A generic call wrapper built on std::invoke accepts any callable without special-casing pointer-to-member:

cpp

Godbolt

template <typename F, typename... Args>
auto call(F&& f, Args&&... args)
    -> std::invoke_result_t<F, Args...>  // C++17
{
    return std::invoke(std::forward<F>(f), std::forward<Args>(args)...);
}

Best Practices

Use std::invoke in generic code. Any template that accepts a callable should invoke it via std::invoke rather than callable(args...). Pointer-to-members are not directly callable with (), so code that omits this will silently reject them.

Use using aliases for complex types. Pointer-to-member type syntax becomes unreadable with const, noexcept, or ref-qualifiers attached:

cpp

Godbolt

// Readable:
using EventHandler = void (EventLoop::*)(int fd, uint32_t events);

// Unreadable at scale:
void (EventLoop::*handler)(int fd, uint32_t events) = &EventLoop::on_readable;

Understand the conversion direction. Pointer-to-member conversion is contravariant on the class: a Base::* converts implicitly to Derived::*, which is the reverse of what regular pointers do. This is correct — a derived object has all base members, so a pointer-to-base-member can be applied to a derived object:

cpp

Godbolt

struct Base    { int x; };
struct Derived : Base { int y; };

int Base::*    bx = &Base::x;
int Derived::* dx = bx;        // implicit: Base::* → Derived::* ✓
// int Base::* bx2 = &Derived::y; // error: Derived::* → Base::* is not implicit ✗

Common Pitfalls

Forgetting parentheses around .* expressions. The .* and ->* operators have lower precedence than the function call (). Without parentheses, obj.*fn(arg) parses as obj.*(fn(arg)) — a type error at best, silent misparse at worst. Always write (obj.*fn)(arg).

Assuming pointer-to-member is a pointer. It is not. It cannot be stored in void*, printed as an integer address, or cast to uintptr_t. Its size is implementation-defined and may exceed sizeof(void*), particularly in the presence of virtual functions or multiple inheritance, where the implementation may need to store a vtable offset alongside the function pointer.

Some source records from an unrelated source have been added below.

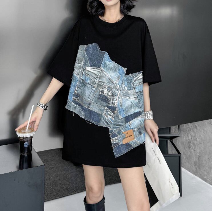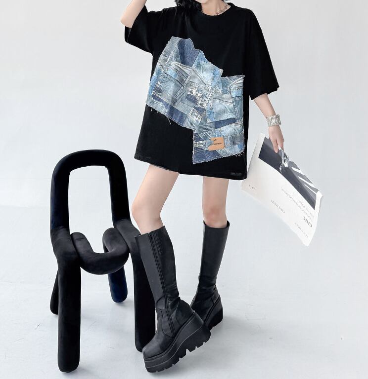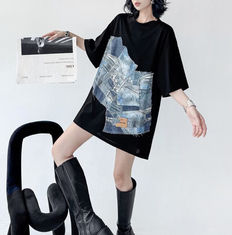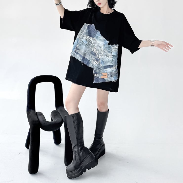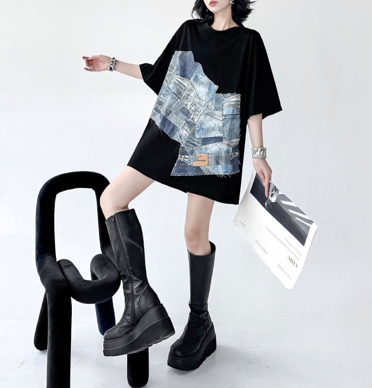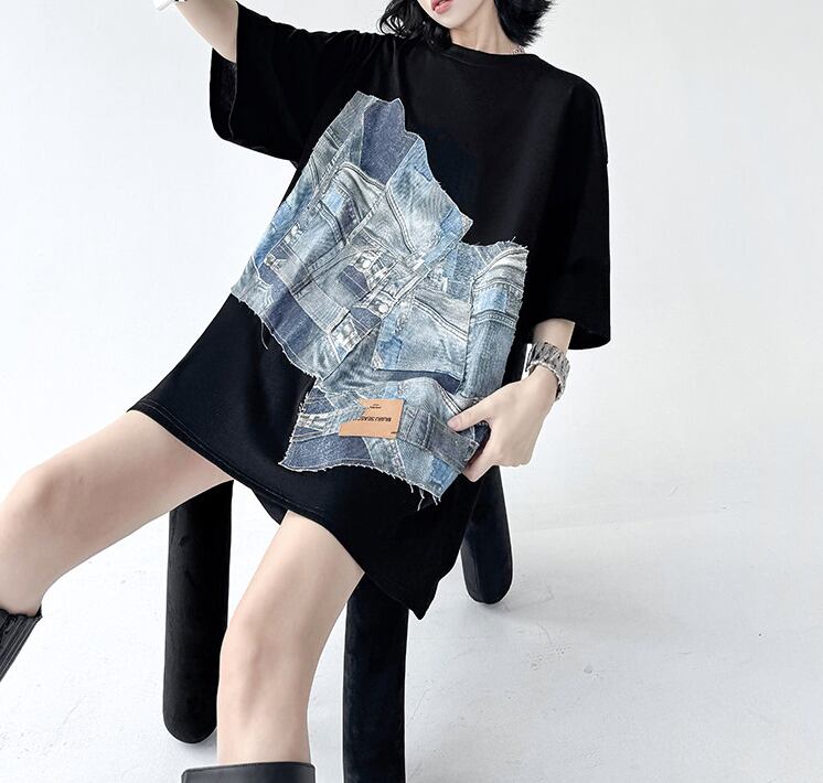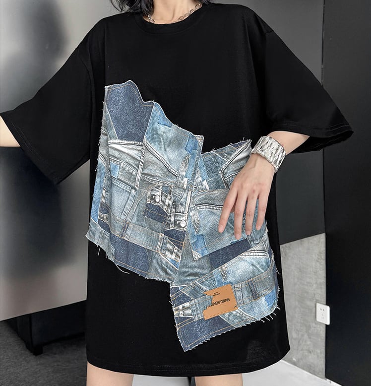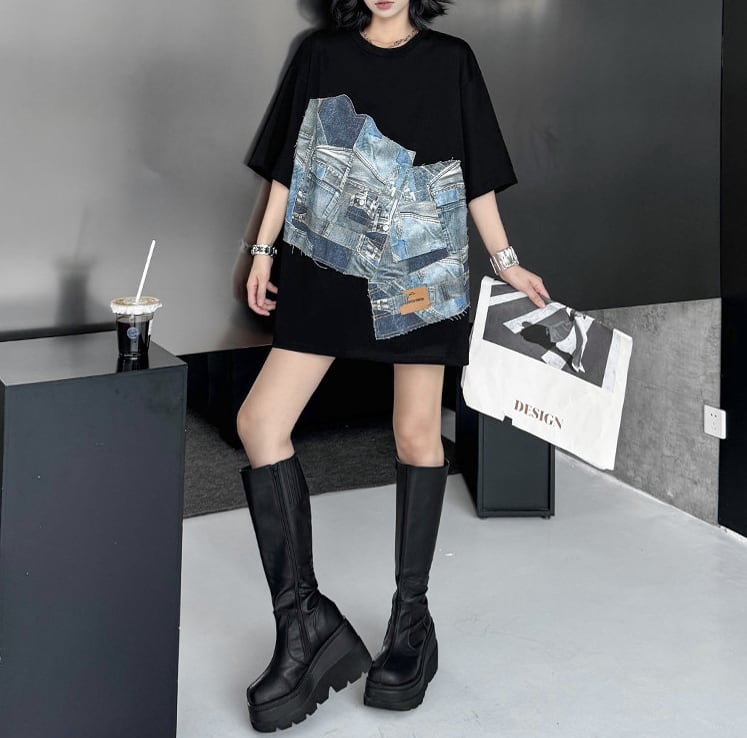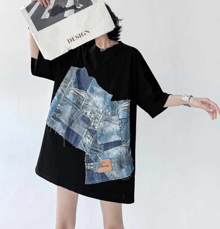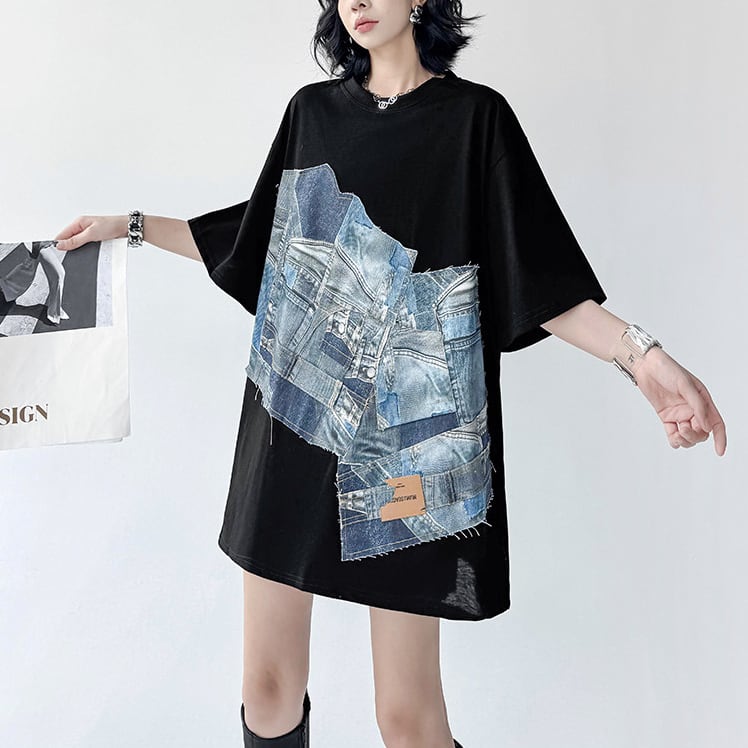 個性的なデニムパッチワークデザインが魅力のビックTシャツ。異なるデニム生地が組み合わさった独特のスタイルで、コーディネートに個性をプラスします。ゆったりとしたシルエットは、リラックスした着心地を提供し、カジュアルなお出かけから特別なイベントまで幅広く活躍すること間違いなしのアイテムです!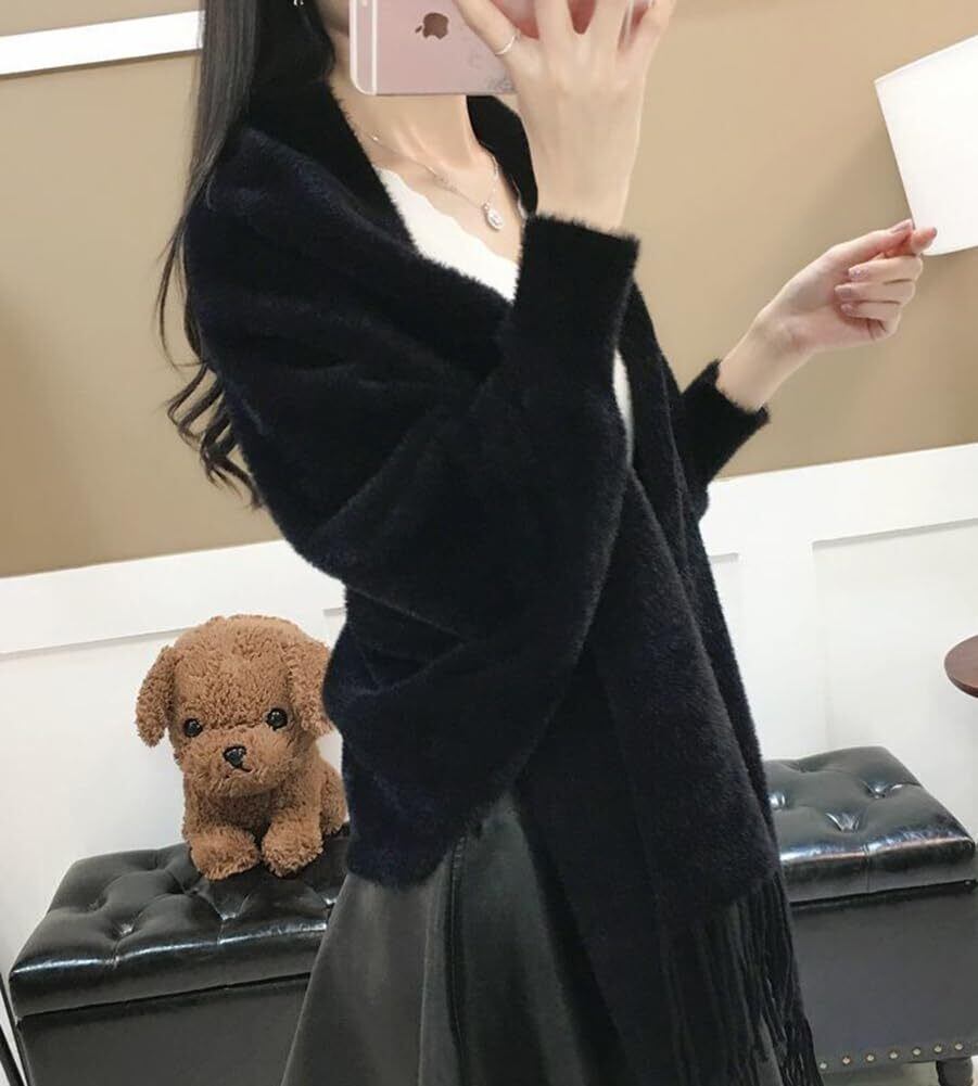 [Muzly] カーディガン 袖付きストール レディース ストール ショール アウター 秋冬 ふわふわ 柔から 大人 上品 無地 可愛い
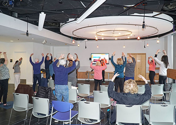 三月二十二日,大费城地区法轮大法学员在特拉华州威明顿市图书馆举办了一场义务教功活动,向当地民众介绍法轮大法和教炼五套功法。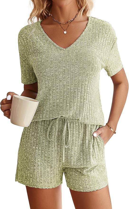 Cozy up in style with the Ekouaer Women’s Ribbed Knit Lounge Set, featuring a short sleeve top and matching shorts for the perfect comfy two-piece outfit. This soft, stretchy pajama set comes in assorted colors and is great for lounging, sleeping, or relaxed weekend wear.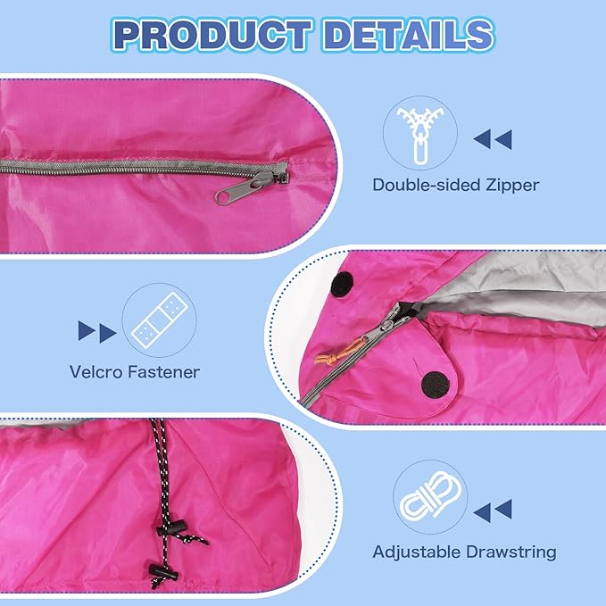 - Windproof & Ventilated: Stay cozy even in chilly breezes with the hood with a drawstring for a snug fit, while the velcro fastener secures the zipper to prevent drafts. The zippered bottom allows to breathe feet and regulate body temperature, ensuring comfort in fluctuating weather—combining cozy warmth with breathable performance for all-weather reliability.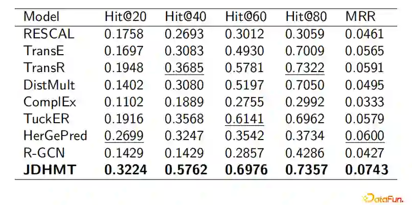 然后,就是利用模型,进行矩阵和张量的联合分解,包含A矩阵、V矩阵,这里A矩阵既能从医药数据库的文献条目获得,也能从构建的深层次图谱获得,通过融合计算,得到最终嵌入的A矩阵。最终,通过嵌入计算得到了基因和疾病之间的关联关系。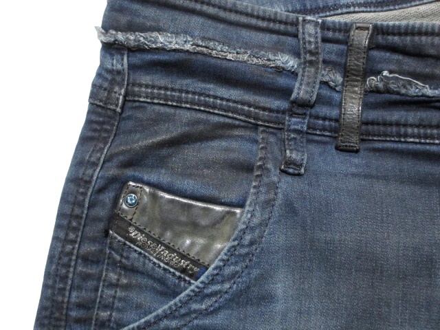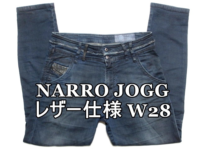 即決 レザーと光るストーンリベット ジョグジーンズ DIESEL NARROT SPZ-NE ディーゼル ナロット W28実80 ストレッチデニム 細身美脚 メンズ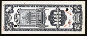 P-363 1948. 10,000 CGU's. Unlisted Uniface front and back specimen banknotes. Red specimen overprint, "00000" serial numbers and POC's. Top margin of front and back have "3-31-48 - B". Choice to Gem uncirculated condition. SBNC. Scarce specimen banknote.
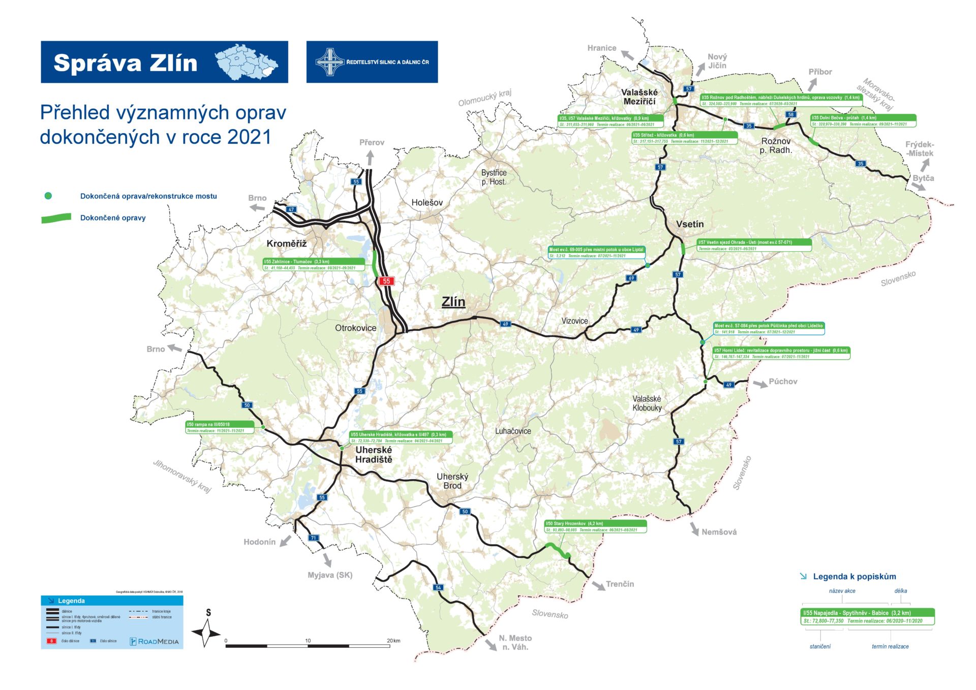 „Ve Zlínském kraji jsme opravili téměř 15 km silnic I. tříd a 2 mosty. Celkem šlo o 13 projektů oprav. Také výstavba nových dálničních úseků letos významně pokročila. Skvělou zprávou je, že jsme začátkem prosince po 13 letech nucené pauzy opět zahájili práce na stavbě dálnice D49 Hulín – Fryšták, kde aktuálně probíhá skrývka ornice. Práce na dálničním tělese zahájíme hned na začátku stavební sezóny 2022,“ sdělil ředitel Správy Zlín ŘSD Karel Chudárek.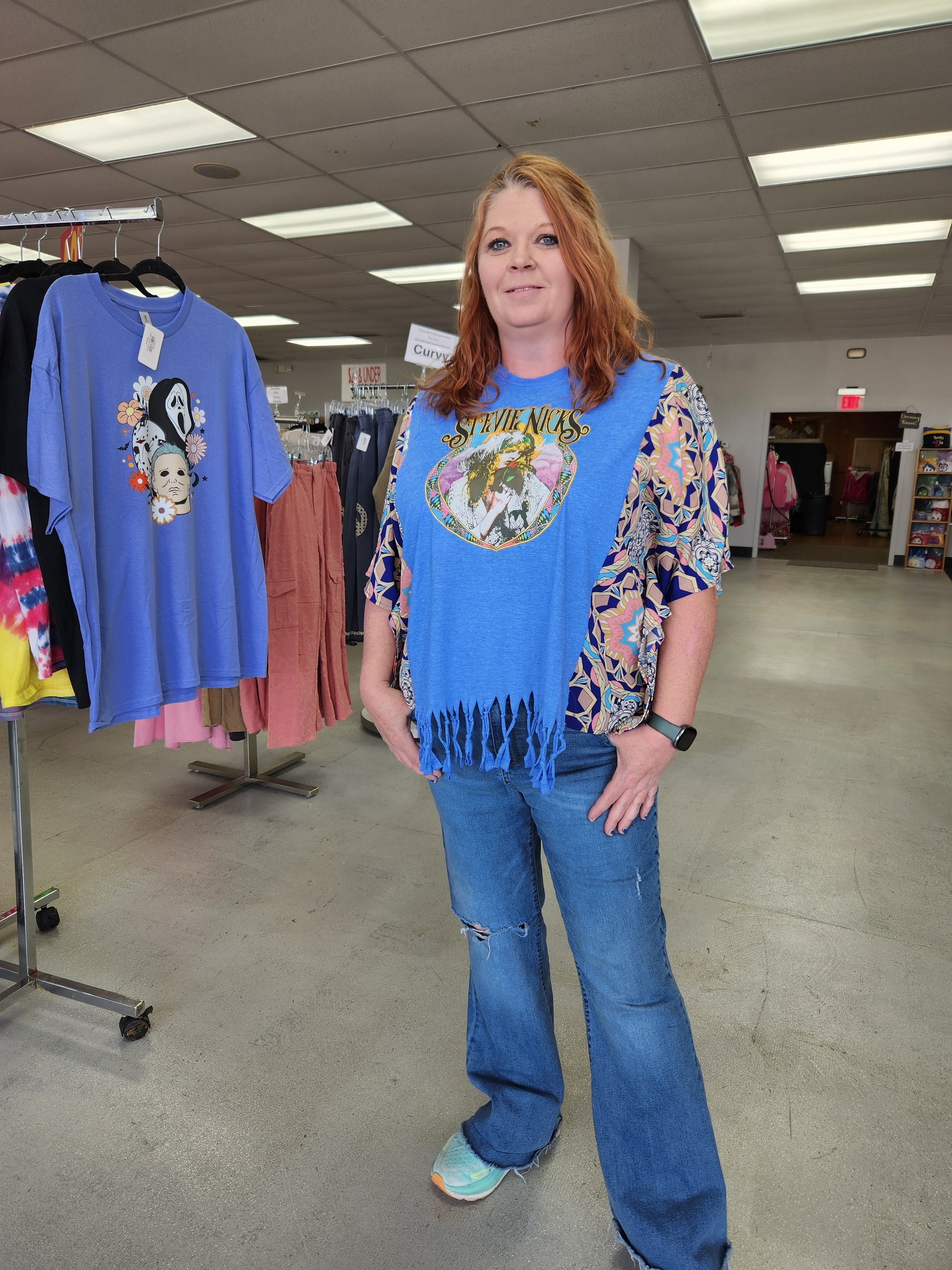 Upcycled graphic tshirt with a poncho style kimono.One of a Kind!! Handmade, the perfect combination gives you a vintage tee and a kimono flowy fit. One size fits most see measurements. 30 inches under the arms end to end , 26 inches long from top of shoulder to t shirt hem. One size fits all sizes Small thru 3XL

Calling through a null pointer-to-member. Undefined behavior, the same as any null dereference:

cpp

Godbolt

CmdFn fn = nullptr;
(cmd.*fn)();  // undefined behavior

Ignoring cv-qualifiers on member function types. A const member function has a distinct pointer type. Assignment across the qualifier boundary is a compile error:

cpp

Godbolt

struct Foo {
    int  get() const;
    void set(int);
};

int (Foo::*pg)() const = &Foo::get;  // ok
// int (Foo::*ps)() const = &Foo::set;  // error: set is not const-qualified

Taking the address of a static member function. This is a compile error. Static members are not instance-bound; use a plain function pointer instead.